Accuracy of computer-aided design trial restorations fabricated with different digital workflows

Abstract

Statement of problem

Trial restorations are a versatile tool for visualizing the esthetic treatment plan and should be an accurate replica of the planned smile design. The accuracy of conventionally fabricated trial restorations has been investigated; however, studies on the accuracy of different digital workflows for trial restoration fabrication are lacking.

Purpose

The purpose of this in vitro study was to evaluate the accuracy of computer-aided design (CAD) trial restorations fabricated with different digital workflows.

Material and methods

A patient in need of additive esthetic treatment was examined, and intraoral and extraoral photographs and intraoral digital scans were made, followed by 3D digital smile design using the exocad software program. The reference virtual design was converted into trial restorations (N=40) by using different digital workflows: subtractive manufacturing, additive manufacturing, additive manufacturing of 3D designed index, and silicone index on an additively manufactured cast. Fabricated trial restorations of all groups were scanned with a desktop scanner, providing a standard tessellation language (STL) file serving as the test data for each trial restoration.
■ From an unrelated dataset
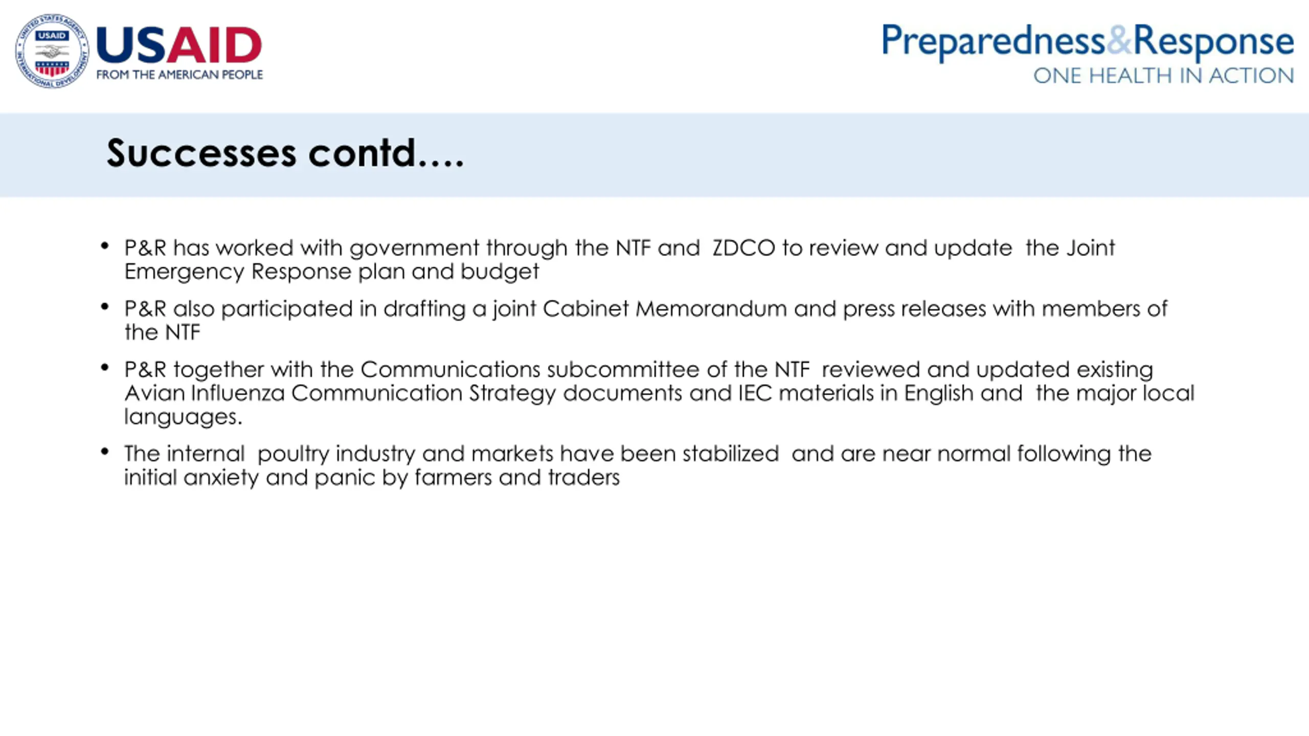Successes contd. P&R has worked with government through the NTF and ZDCO to review and update the Joint Emergency Response plan and budget P&R also participated in drafting a joint Cabinet Memorandum and press releases with members of the NTF P&R together with the Communications subcommittee of the NTF reviewed and updated existing Avian Influenza Communication Strategy documents and IEC materials in English and the major local languages. The internal poultry industry and markets have been stabilized and are near normal following the initial anxiety and panic by farmers and traders
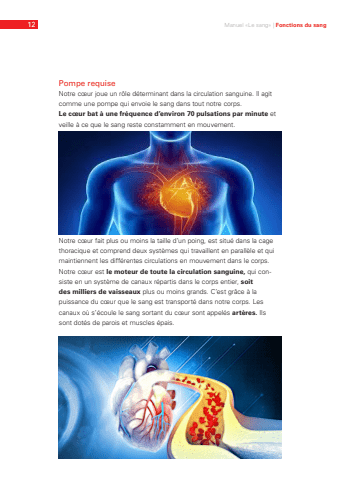 12 Manuel %u00abLe sang%u00bb | Fonctions du sangPompe requiseNotre c%u0153ur joue un r%u00f4le d%u00e9terminant dans la circulation sanguine. Il agit comme une pompe qui envoie le sang dans tout notre corps.Le c%u0153ur bat %u00e0 une fr%u00e9quence d%u2019environ 70 pulsations par minute et veille %u00e0 ce que le sang reste constamment en mouvement.Notre c%u0153ur fait plus ou moins la taille d%u2019un poing, est situ%u00e9 dans la cage thoracique et comprend deux syst%u00e8mes qui travaillent en parall%u00e8le et qui maintiennent les diff%u00e9rentes circulations en mouvement dans le corps. Notre c%u0153ur est le moteur de toute la circulation sanguine, qui consiste en un syst%u00e8me de canaux r%u00e9partis dans le corps entier, soit des milliers de vaisseaux plus ou moins grands. C%u2019est gr%u00e2ce %u00e0 la puissance du c%u0153ur que le sang est transport%u00e9 dans notre corps. Les canaux o%u00f9 s%u2019%u00e9coule le sang sortant du c%u0153ur sont appel%u00e9s art%u00e8res. Ils sont dot%u00e9s de parois et muscles %u00e9pais.

All the STL files of the test and reference data were imported into a reverse engineering software program to evaluate the 3D trueness of each workflow. Also, analog and digital 2D linear measurements (maxillary left central incisor height, maxillary left central incisor width, and intercanine width) were made to assess any dimensional alterations between the fabricated trial restorations and the reference digital smile design. A 1-way analysis of variance (ANOVA) was used to analyze the data followed by the Tukey post hoc test (α=.05).

Results

For 3D trueness measurements, root mean square (RMS) values representing the deviations between the fabricated trial restorations and the reference digital smile design varied significantly among the different groups (P<.001), with the highest mean deviation found in the group of additive manufacturing of 3D designed index (0.21 ±0.01 mm), while the lowest mean value of deviation was found in the group of subtractive manufacturing (0.11 ±0.02 mm). For both the digital and analog 2D linear measurements, post hoc pairwise comparisons showed the group of additive manufacturing of 3D designed index to have significantly higher values of deviation than the other groups in all assigned measurements (P<.001).

Conclusions

The accuracy of CAD trial restorations was affected by the fabrication technique, and implementing conventional steps in the digital workflows of trial restoration fabrication may result in discrepancies that affect accuracy when compared with the reference design.